The Australian Dollar fell more than 2 cents or 2.4% as the Reserve Bank of Australia decided to lower rates to 1.75%, USD strength returning to market and pullback in commodities prices overnight. The RBA highlighted unexpectedly low Q1 CPI and less risk for the housing market for their decision to lower rate to record low. USD rebounded during US trading hours dominated by flows as headlines were light.
Going forward, Retail Sales and Trade Balance are on Thursday, RBA’s quarterly statement on monetary policy and US employment data on Friday are scheduled to be released. RBA’s SoMP will be closely analysed for any revision in inflation and economic growth forecast, to give guidance whether the RBA will cut again this year. US employment data will shed further light on the state of labour market. A solid hourly earnings and new jobs may force “data dependent” US Fed to hike rate. Prospect of RBA easing again and US Fed hiking sooner than expected will return the focus on central banks divergence, the main theme in 2015. This could potentially push the AUDUSD lower to 72-73.

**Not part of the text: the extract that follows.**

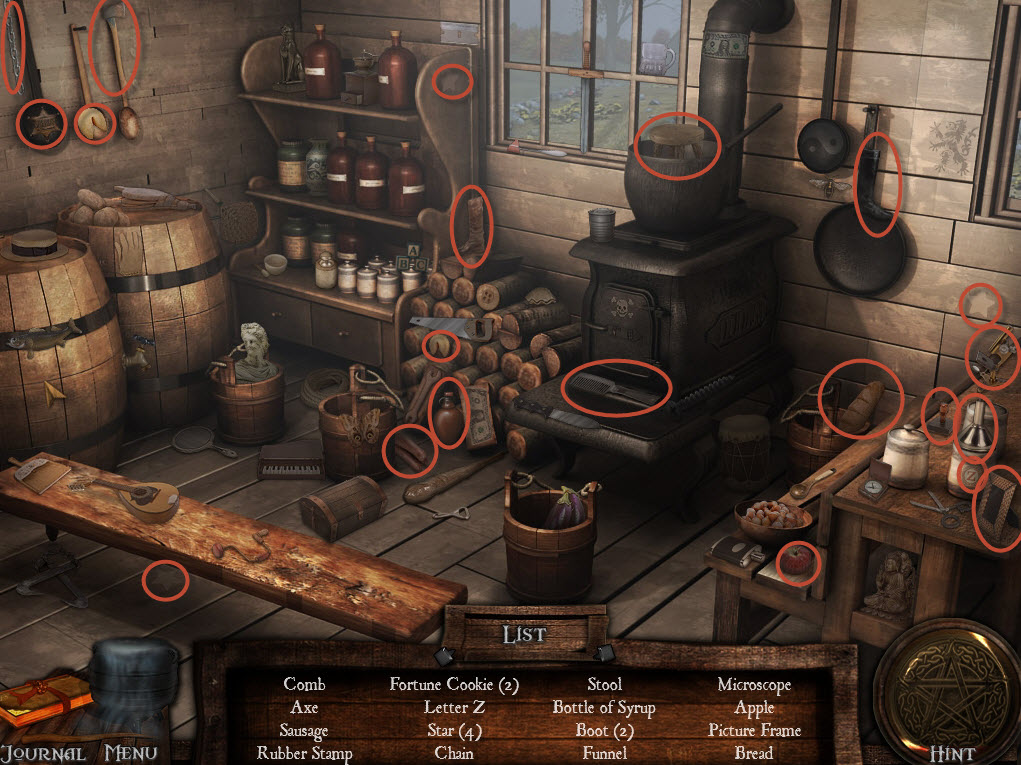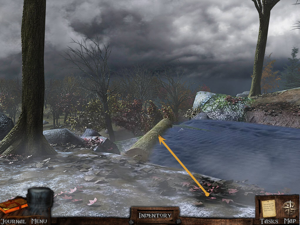 Solve the hidden object puzzle to retrieve the maple syrup. Go back to the Town Crossroads and left to the waterfall.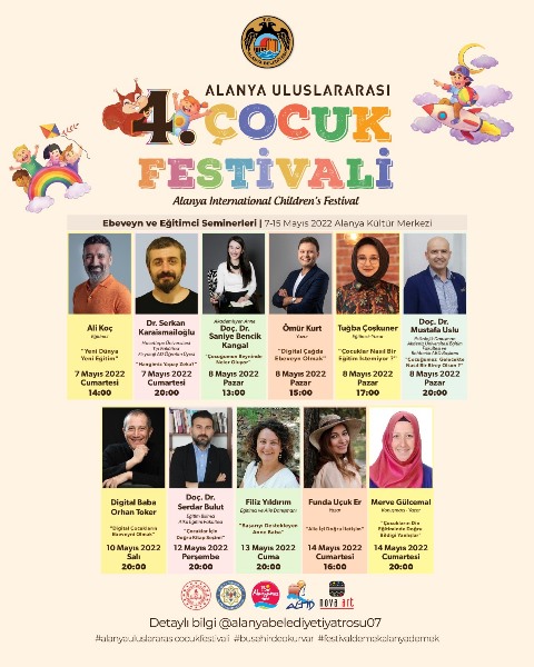 4. Alanya Uluslararası Çocuk Festivali ve Kitap Fuarı, 7 Mayıs Cumartesi günü Eğitimci Ali Koç’un ve Hacettepe Üniversitesi Tıp Fakültesi Öğretim Üyesi Dr. Serkan Karaismailoğlu’nun seminerleri ile başlayacak.

Oil prices continue to slide for a third consecutive day as expectations mount for a record build in crude-oil inventories. American Petroleum Institute (API) data released yesterday recorded a build of 1.3mln barrels in crude inventories. API data is closely monitored by the market to provide guidance for the official U.S Energy Information Administration (EIA) data released tomorrow morning. Failure for OPEC and non-OPEC producers to meet an agreement on production last month is driving competition between producers for market share. As production from OPEC continued to increase throughout April, the sustainability of prices at these levels is questionable. Recent production and inventory data indicated still-high output around the world. If the oil price continues to rise, shale oil producers in the US may begin to increase production levels, adding to the global supply glut. Hedge funds increased their net long positions for the third straight week ending April 26. Pushing net long positions to the highest level since May 12, 2015.
As hedge funds and money managers continue to bet on the oil price recovery, this could pose risk for further downside. If production levels continue to increase while consumption from China falls, the initial contraction in oil prices could trigger wide-spread liquidation of positions.